Assignment: In the listing, locate the line containing "Puck rolling in", then quote it and all following lines exactly. Omit pictures.

Recorded data:
---*---

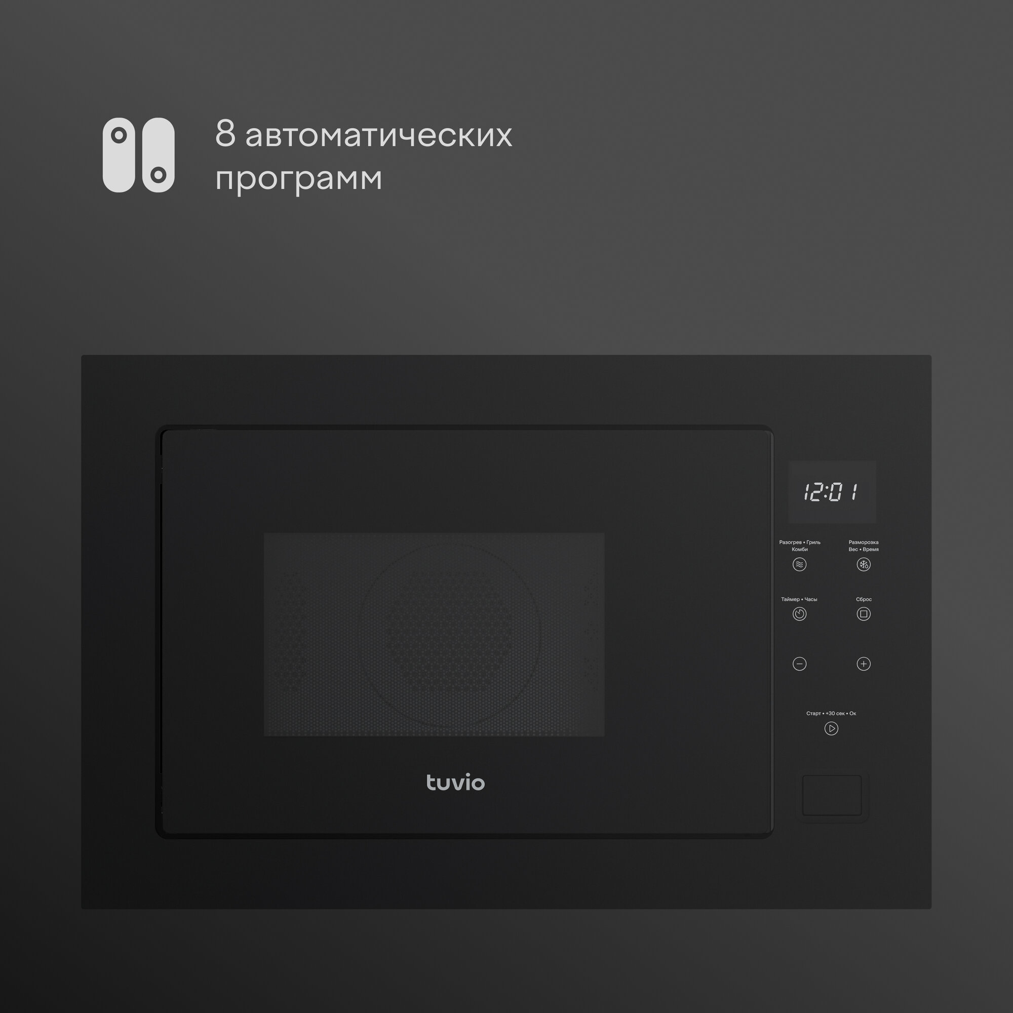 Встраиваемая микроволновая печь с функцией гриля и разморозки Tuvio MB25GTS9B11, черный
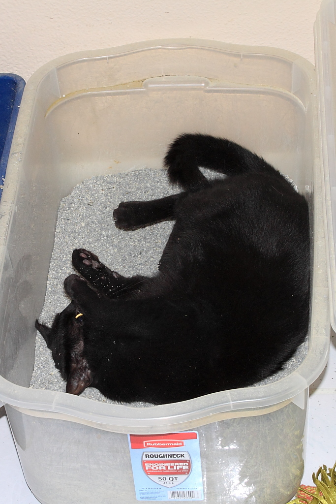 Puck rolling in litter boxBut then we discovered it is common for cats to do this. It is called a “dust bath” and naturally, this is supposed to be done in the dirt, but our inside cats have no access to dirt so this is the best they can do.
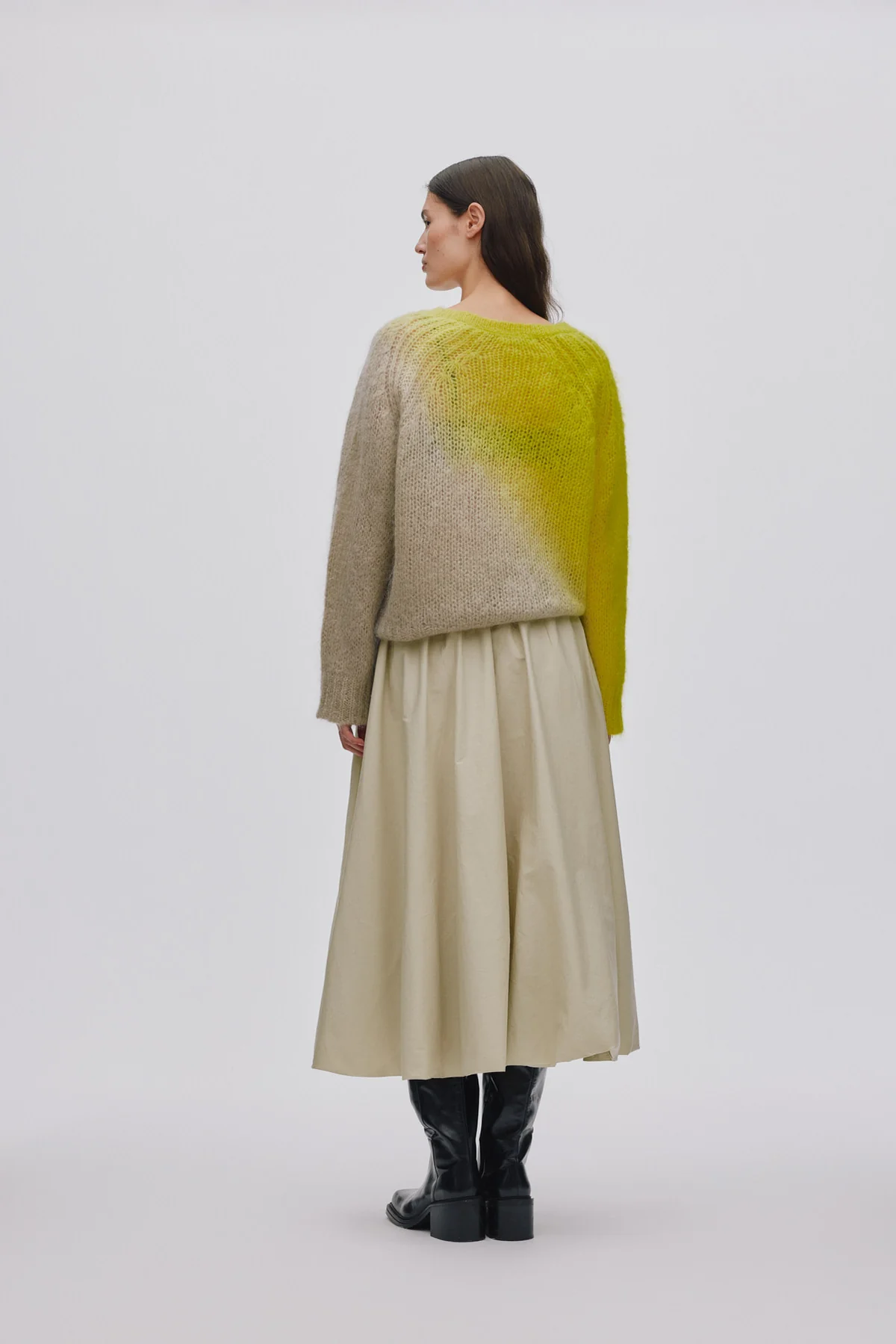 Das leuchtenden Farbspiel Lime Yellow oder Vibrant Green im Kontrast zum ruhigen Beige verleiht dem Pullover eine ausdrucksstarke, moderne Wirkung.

---*---

Response area:
 Puck rolling in litter boxBut then we discovered it is common for cats to do this. It is called a “dust bath” and naturally, this is supposed to be done in the dirt, but our inside cats have no access to dirt so this is the best they can do.
 Das leuchtenden Farbspiel Lime Yellow oder Vibrant Green im Kontrast zum ruhigen Beige verleiht dem Pullover eine ausdrucksstarke, moderne Wirkung.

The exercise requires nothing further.